Monday, January 3, 2011

Suggestions for 2011 & When Traditions Trump Scripture

While I have an entire spectrum of ideas I can write about, and I will be finishing the Tithing series this month, I wanted to throw the doors open to my tens and tens of readers for topic suggestions in 2011. I hope that these will be topics that you have questions about, or questions that you have not received a satisfying answer for. Now, I am not saying that I can give satisfying answers to many questions or topics, but I will try to look at them through the Christian worldview and answer them accordingly. So please post some suggested topics below. Thanks in advance.

When Tradition Trumps Scripture

This has been a topic I have been thinking about since the hearing James White's on The Dividing Line on New Year's Eve day. In that dividing line he refuted an Arminian Baptist's poor attempt at refuting The Doctrines of Grace, also known as, Calvinism. While this speaker's refutation was poor, there was something that really stuck with me. Dr. White stated that the poor exegesis (the drawing out of the meaning of Scripture) demonstrated by this Arminian Baptist is a direct result of allowing tradition to trump Scripture.
The Arminian Baptist consistently took Scripture out of context (Romans 8:28-32), emphasized the wrong words (2 Peter 3:9), denied the clear teaching of Scripture (Romans 9:10-13), and he persisted in a blatant misrepresentation of the Calvinist position. All of these things I have come to expect from my Arminian brothers, after all, as this particular Arminian Baptist stated over and over again, Calvinism is a pernicious false doctrine that need not even be examined. Of course, anyone who is involved in so-called discernment ministries ask, "How can anyone properly refute a topic that one has not properly researched?" Further, when a person simply applies the basic rules of grammar to the Arminian's proof texts their doctrine falls apart like a sand castle when it is beset by the rising tide.
The saddest point with many Arminians, and many others within Christianity that hold to non-biblical doctrines (by non-biblical, I mean doctrines that have no clear biblical foundation, as opposed to unbiblical, which are doctrines that are contrary to the clear teaching of scripture) is that they allow their tradition to trump scripture. This should never be the case. Our traditions are always defined by scripture. Of course many within this branch of Christianity would proudly crow about not having traditions, however, this is a tradition in and of itself.

So with this in mind, I have had to ask myself, and I ask you, the reader, to examine what traditions you have that are trumping scripture, and what will you do with them should you find them? Here are a couple of traditions that are especially prevalent in Christianity, especially at the beginning of the year. Perhaps your church passed out handouts giving you a plan on how to read the entire bible the whole year? Or maybe they hand out a checklist, a sort of "spiritual to-do" list of various spiritual disciplines such as prayer, bible reading, fasting, church attendance, tithing, etc.
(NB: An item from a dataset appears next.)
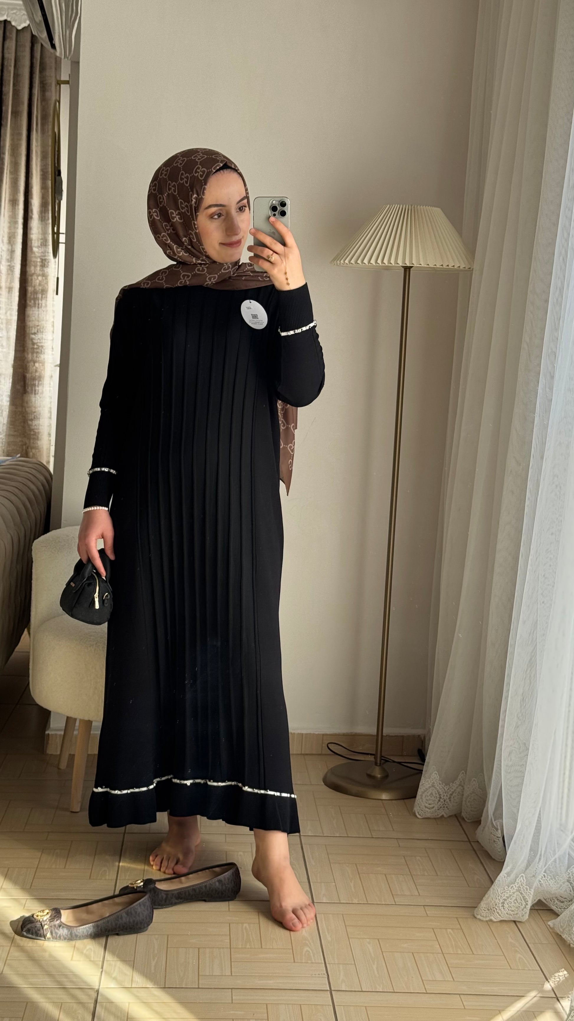 Merserize siyah taşlı elbise

These things are not full of grace, but rather they are elements of legalism. Legalism is the doing of any good thing with the thought that the act will ingratiate God to us. Worse yet, if you do not do these things God will love you less. My friends this is the epitome of legalism, and do not let anyone mature Christian, church leader or even a church pastor tell you different!

I am not against bible reading or spiritual disciplines, they are, in fact, a natural fruit of a changed heart. A changed heart will want to read the God's word; it will want to communicate with God through prayer; it will want to give finances joyfully and without compulsion; it will want to seek out a community of fellow believers and actively fellowship with them; it will motivate you to fast when the times of life require a special time of separation from the world. It is clear, however, that there are churches and leaders that have taken these good things and made them ultimate things, as Timothy Keller puts it. In other words, they are made idols that we sacrifice to in the hope that God will no longer be angry with us over our sin. In reality, however, we have sinned in that we, in the act of spiritual devotion, have created an idol.
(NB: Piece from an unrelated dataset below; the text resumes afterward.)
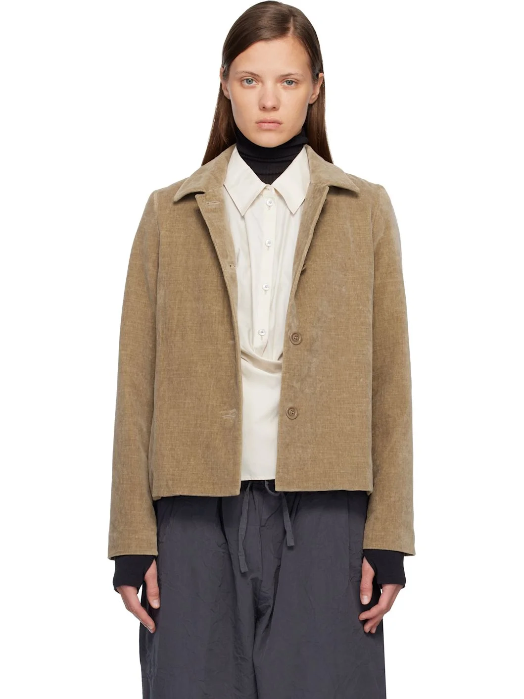 Cotton velvet jacket. · Spread collar · Button closure · Seam pockets · Darts at back · Full crinkled cotton poplin lining · Corozo hardware Supplier color: Beige 100% cotton. Made in Bulgaria 252007F063003

Again, traditions are not necessarily bad things. Perhaps you come from a church with a tradition of emphasizing traditions or spiritual disciplines. It is your responsibility as a believer to examine the tradition or discipline regardless of who taught your the tradition or discipline (Acts 17:11). Secondly, if your tradition or discipline becomes an ultimate thing, then you must repent of your idolatry. Lastly, I am not telling you to go up to your leader or pastor and tell him that he is preaching idolatry. Perhaps he or she has not had his/her conscience trained properly, or maybe he/she is just ignorant of the scriptural teachings, or, and this is the worst case scenario, perhaps he/she is is so devoted to their tradition that she absolutely will not change. What we must understand is that in this area we are dealing with the conscience, and these areas must be handled delicately, or better yet given to God in prayer.
My purpose is not to change people that can not or will not change, but rather to help those that are willing to examine themselves and make the necessary changes. So I end this post with the question, are you willing to change?